After getting the Service running, the next thing I needed was a way to route external HTTP traffic to it. That's where Ingress comes in — and I went with the HAProxy ingress controller.
Installing the HAProxy ingress controller
helm repo add haproxytech https://haproxytech.github.io/helm-charts
helm repo update
helm install haproxy-ingress haproxytech/kubernetes-ingress \
--namespace ingress-controller \
--create-namespace
Then I checked it came up:
kubectl get pods -n ingress-controller
Writing the Ingress resource
apiVersion: networking.k8s.io/v1
kind: Ingress
metadata:
name: my-app-ingress
annotations:
kubernetes.io/ingress.class: haproxy
spec:
rules:
- host: my-app.example.com
http:
paths:
- path: /
pathType: Prefix
backend:
service:
name: my-app-service
port:
number: 80
The host field is the domain I want to route.
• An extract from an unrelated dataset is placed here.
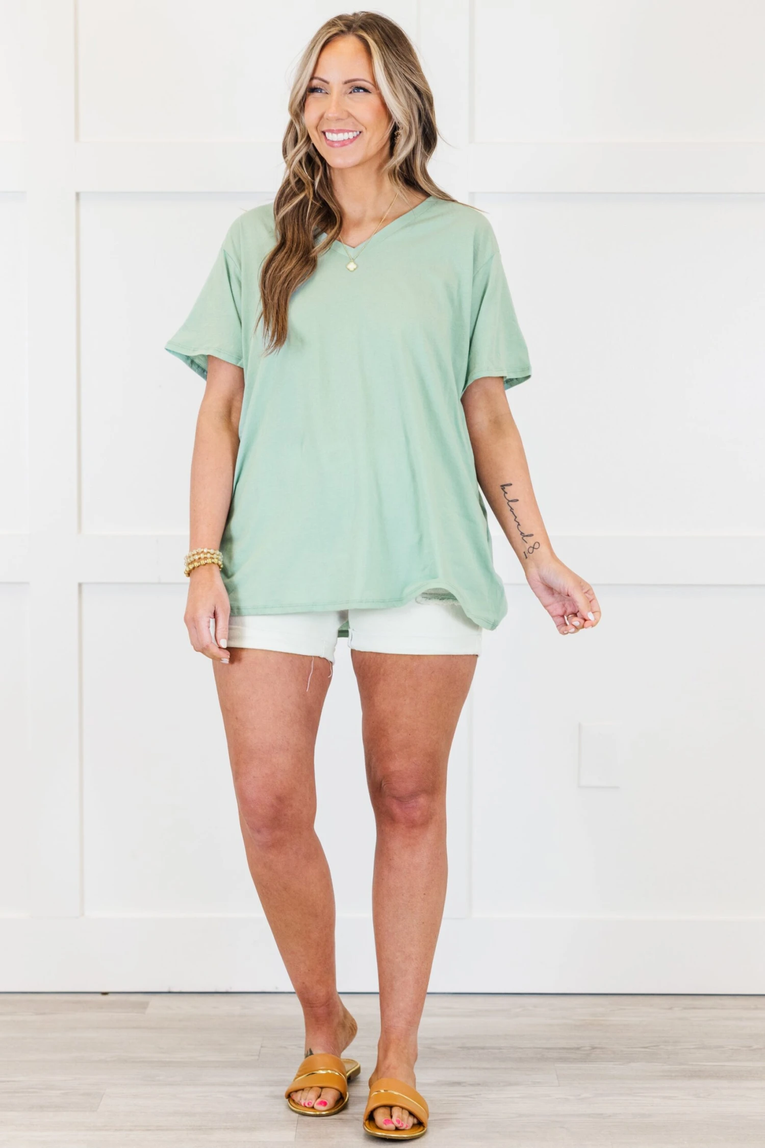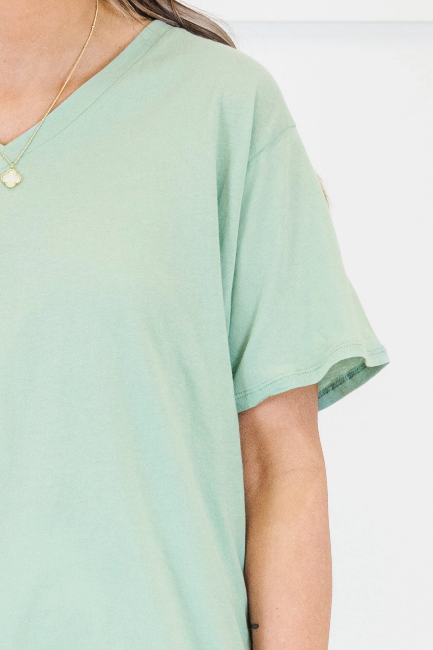 Introducing the Bright Days Tee in dusty green – a staple in your closet that will brighten up any day! This solid v-neck tee is sure to become your go-to for every occasion! Say hello to comfort, versatility, and endless style possibilities!

The backend.service.name matches the Service I created earlier — that chain of connections (Deployment → Service → Ingress) is the pattern that keeps repeating in Kubernetes.
Applying it
kubectl apply -f ingress.yaml
kubectl get ingress
Testing it locally
If I don't have a real domain yet, I can fake it by adding an entry to /etc/hosts:
127.0.0.1 my-app.example.com
Then hitting http://my-app.example.com routes traffic through HAProxy into the service and down to the pods.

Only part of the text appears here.